(This is a business case study. It will be used to guide discussions during the session: “Compensation and Incentives” at the Vendo Partner Conference in Barcelona on Wednesday, September 6th.)


Christian was confused and a little worried. He sat alone in his conference room after a long day of performance and compensation reviews. He hadn’t felt this alone in a while. Usually, he felt a strong connection with his team. They often came together around this oval table to plan, to solve problems, to celebrate victories. Not today.

He had not expected his day to end this way. His top salesperson had just quit after receiving a glowing performance review and a big, fat commission check. Christian had thought that the salesperson would be even more motivated to continue selling like a maniac. The team loved the salesperson. The company loved the results. What went wrong?

Christian pulled out his notebook and his pen and started to organize his thoughts. What had he learned in his 20+ years of creating compensation and incentive plans for teams around the world? What he wrote surprised him.

Christian is from northern Europe. He’s an entrepreneur and primarily motivated by money. What he found as he wrote about his history with comp plans is that not everyone is like him.

He thought about the team that cared more about free lunch each day at the office than a raise in salary. Then, there was the guy who just wanted to be at home, working alone, in his basement. No reasonable amount of money would get him out. He did his best work there, anyway, so both he and Christian were happy.

There were the high-level employees who cared more about freedom than cash. They wanted to manage their own time and their projects. That was more important than raises in salary. Other high-level people wanted firm financial targets to reach. That motivated them to do their best work.

He remembered frustrating communication problems. He reflected on the high-level employee who made a lot of money through quarterly bonuses when the company was in a growth phase.
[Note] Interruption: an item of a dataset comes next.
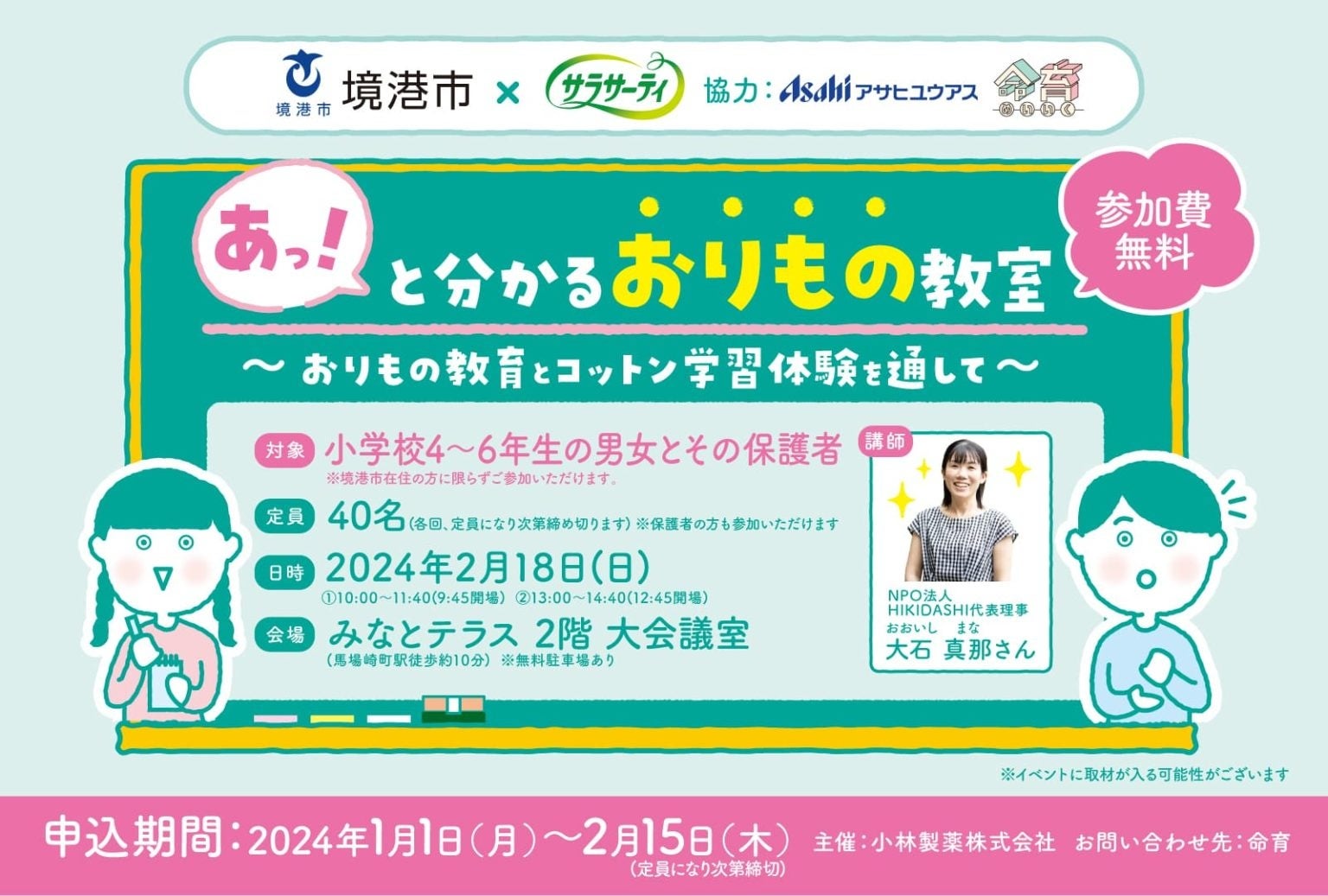 申込フォーム :<1部>https://meiiku.com/event/kobayashi_sakaiminato01/

Then the company leveled off and was not hitting growth targets. Quarter after quarter went by without the employee receiving his bonus. After a year the employee was confused and upset because he didn’t get his bonus. The employee hadn’t understood that the bonus was tied to the company’s performance and not the individuals.

Christian remembered the bonuses that were so well received in the beginning. They soon became expected, taken for granted, by employees. Even when the company or individual didn’t hit the targets the employees still expected a bonus. When he didn’t pay a bonus his employees felt like their salaries were being taken away.

As Christian looked down at his piece of paper he saw there were no easy answers. He had tried a lot of good ideas and they had failed. It looked like the path forward was highly individualized packages that take into account the unique needs of each person and the company’s goals. But how can he do that at scale?


  1. What has been your experience with compensation?
  2. How do you customize for employees?
  3. What has worked and what has failed?